The only main difference between the Back-Propagation algorithms of Recurrent Neural Networks and Long Short Term Memory Networks is related to the mathematics of the algorithm.

Let $\overline{y}_{t}$ be the predicted output at each time step and $y_{t}$ be the actual output at each time step. Then the error at each time step is given by:-

$E_{t} = -y_{t}log(\overline{y}_{t})$

The total error is thus given by the summation of errors at all time steps.

$E = \sum _{t} E_{t}$
$\Rightarrow E = \sum _{t} -y_{t}log(\overline{y}_{t})$

Similarly, the value $\frac{\partial E}{\partial W}$ can be calculated as the summation of the gradients at each time step.

$\frac{\partial E}{\partial W} = \sum _{t} \frac{\partial E_{t}}{\partial W}$

Using the chain rule and using the fact that $\overline{y}_{t}$ is a function of $h_{t}$ and which indeed is a function of $c_{t}$ , the following expression arises:-

$\frac{\partial E_{t}}{\partial W} = \frac{\partial E_{t}}{\partial \overline{y}_{t}}\frac{\partial \overline{y}_{t}}{\partial h_{t}}\frac{\partial h_{t}}{\partial c_{t}}\frac{\partial c_{t}}{\partial c_{t-1}}\frac{\partial c_{t-1}}{\partial c_{t-2}}.......\frac{\partial c_{0}}{\partial W}$

Thus the total error gradient is given by the following:-

$\frac{\partial E}{\partial W} = \sum _{t} \frac{\partial E_{t}}{\partial \overline{y}_{t}}\frac{\partial \overline{y}_{t}}{\partial h_{t}}\frac{\partial h_{t}}{\partial c_{t}}\frac{\partial c_{t}}{\partial c_{t-1}}\frac{\partial c_{t-1}}{\partial c_{t-2}}.......\frac{\partial c_{0}}{\partial W}$

Note that the gradient equation involves a chain of $\partial c_{t}$ for an LSTM Back-Propagation while the gradient equation involves a chain of $\partial h_{t}$ for a basic Recurrent Neural Network.

How does LSTM solve the problem of vanishing and exploding gradients?

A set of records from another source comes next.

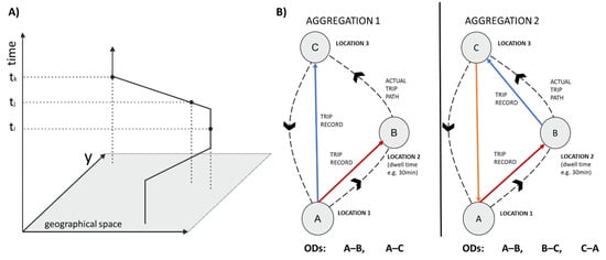 Illustration of a space–time trajectory consisting of a series of presence snapshots (A). The snapshots can be aggregated into trip records in multiple ways in mobile phone datasets, which can lead to differences in the resulting origin–destination (OD) pairs (B).
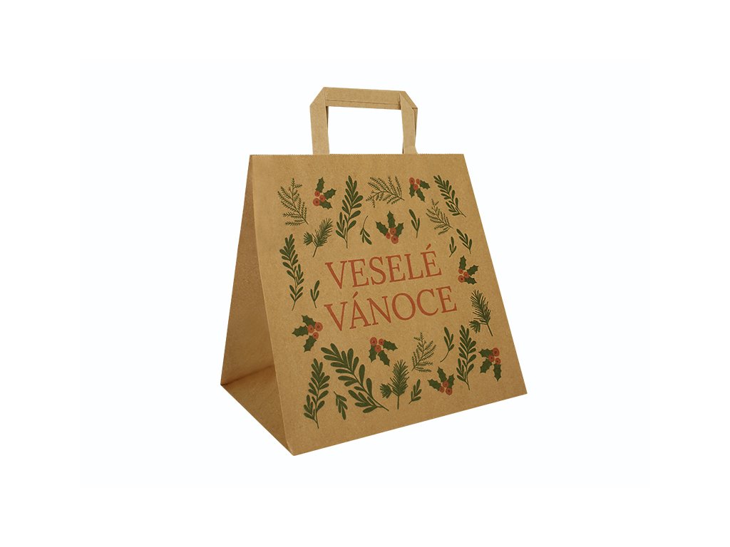 Taška papírová 26+17x26 cm, vánoční potisk - 10 ks
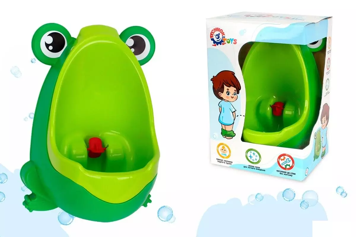 Новинка для хлопчиків - пісуар дитячий, який дозволить малюкам пісяти стоячи й бути схожим на тата. Знайомство дітей з горщиком - відповідальний і важливий процес дорослішання. Для хлопчиків пропонуємо новинку - пісуар дитячий, який дозволить малюкам писати стоячи та бути схожим на тата. Особливості вироби: Веселий дизайн "жаба" і цікаві наліпками "очі" неодмінно привернуть увагу дитини до пісуарів. Додаткового інтересу додає крильчатка, що обертається при попаданні струменя. Це дозволяє зосередитися на процесі та спонукає дітей потрапляти в ціль. Внутрішня частина пісуара легко знімається, її зручно мити та встановлювати на місце. Виріб можна кріпити 2-я способами до стіни: на присоски (входять в комплект) або дюбель. Фіксація пісуара на присоски дозволяє легко міняти висоту, відповідно до зростання Вашого малюка. Пісуар виготовлений з нетоксичного пластику без запаху. Використання тільки якісних барвників забезпечує яскравий колір вироби протягом тривалого терміну використання. Після кожного використання виріб необхідно ретельно промивати теплим мильним розчином. Пакування - яскрава напіввідчинена коробка 30.2 х 21 х 16.5 см.

Recall the expression for $c_{t}$ .

$c_{t} = i\odot g + f\odot c_{t-1}$

The value of the gradients is controlled by the chain of derivatives starting from $\frac{\partial c_{t}}{\partial c_{t-1}}$ . Expanding this value using the expression for $c_{t}$ :-

$\frac{\partial c_{t}}{\partial c_{t-1}} = \frac{\partial c_{t}}{\partial f}\frac{\partial f}{\partial h_{t-1}}\frac{\partial h_{t-1}}{\partial c_{t-1}} + \frac{\partial c_{t}}{\partial i}\frac{\partial i}{\partial h_{t-1}}\frac{\partial h_{t-1}}{\partial c_{t-1}} + \frac{\partial c_{t}}{\partial g}\frac{\partial g}{\partial h_{t-1}}\frac{\partial h_{t-1}}{\partial c_{t-1}} + \frac{\partial c_{t}}{\partial c_{t-1}}$

For a basic RNN, the term $\frac{\partial h_{t}}{\partial h_{t-1}}$ after a certain time starts to take values either greater than 1 or less than 1 but always in the same range. This is the root cause of the vanishing and exploding gradients problem. In an LSTM, the term $\frac{\partial c_{t}}{\partial c_{t-1}}$ does not have a fixed pattern and can take any positive value at any time step. Thus, it is not guaranteed that for an infinite number of time steps, the term will converge to 0 or diverge completely. If the gradient starts converging towards zero, then the weights of the gates can be adjusted accordingly to bring it closer to 1. Since during the training phase, the network adjusts these weights only, it thus learns when to let the gradient converge to zero and when to preserve it.